Elsewhere in the book, Obama described Singh as "wise, thoughtful, and scrupulously honest." Singh had brought about higher living standards, lifted millions of people out of poverty, and earned a positive reputation, Obama wrote.
Obama also commented on Rahul Gandhi and writes "has a nervous, unformed quality about him" — though also said he was "smart and earnest."
He likened him to "a student who'd done the coursework and was eager to impress the teacher but deep down lacked either the aptitude or the passion to master the subject."
Manmohan Singh was ‘wise, thoughtful and scrupulously honest’
Obama admits that he was able to develop a warm and productive relationship with Manmohan Singh over the years.
He further praised Manmohan Singh calling him a man of “uncommon wisdom and decency”.
“Manmohan Singh, the prime minister of India, meanwhile, had engineered the modernisation of his nation’s economy,” Obama wrote. He said that he found Singh to be “wise, thoughtful and scrupulously honest”.

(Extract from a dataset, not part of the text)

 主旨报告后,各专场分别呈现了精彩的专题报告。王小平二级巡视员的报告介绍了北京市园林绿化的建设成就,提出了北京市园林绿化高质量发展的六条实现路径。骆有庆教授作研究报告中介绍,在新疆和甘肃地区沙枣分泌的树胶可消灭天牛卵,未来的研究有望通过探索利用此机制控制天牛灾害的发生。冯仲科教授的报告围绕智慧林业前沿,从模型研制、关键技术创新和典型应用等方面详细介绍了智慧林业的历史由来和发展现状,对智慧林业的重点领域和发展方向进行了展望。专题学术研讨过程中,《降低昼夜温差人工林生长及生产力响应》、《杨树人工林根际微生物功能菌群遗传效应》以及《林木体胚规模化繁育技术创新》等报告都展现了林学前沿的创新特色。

Recalling his first visit to India in 2010, Obama said that Singh had expressed fears about the rising “anti-Muslim sentiment” that had strengthened the influence of the BJP. “‘In uncertain times, Mr. President,’ the prime minister (Manmohan Singh) said, ‘the call of religious and ethnic solidarity can be intoxicating. And it’s not so hard for politicians to exploit that, in India or anywhere else,’” he recollected.

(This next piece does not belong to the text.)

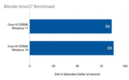 Zwei Sekunden oder rund 2 Prozent schneller ist der 12900K unter Windows 11. Das ist erneut ein sehr geringer Unterschied. In Realität wirst du kaum bemerken, ob die Szene innert 88 oder 86 Sekunden gerendert wird.

Obama’s fears about India’s future.
Obama called modern-day India a success story for surviving “repeated changeovers in government, bitter feuds within political parties, various armed separatist movements, and all manner of corruption scandals”. But he pointed out that the India of today, which is rife with inequality and violence, bore little resemblance to the society Gandhi had envisioned.
He raised concerns about the rise of a “divisive nationalism touted by the BJP” after Manmohan Singh’s tenure as Prime Minister was completed. “Would the baton be successfully passed to Rahul, fulfilling the destiny laid out by his mother and preserving the Congress Party’s dominance over the divisive nationalism touted by the BJP?” he asked. His visit to India also made him question whether impulses of violence, greed, corruption, nationalism, racism and religious intolerance “were too strong for any democracy to permanently contain.”
“For they seemed to lie in wait everywhere, ready to resurface whenever growth rates stalled or demographics changed or a charismatic leader chose to ride the wave of people’s fears and resentments,” Obama wrote.
While the present Prime Minister Shri Narendra Modi did not find mention in the first volume of Obama’s memoir, he is likely to include his first impression of Modi in his subsequent book.
I may be wrong but I feel that Barrack Obama has expressed his impression about India or few of its politicians from the point of view of an American, you may agree or not agree with him. But, yes he wrote with passion so his book is worth reading.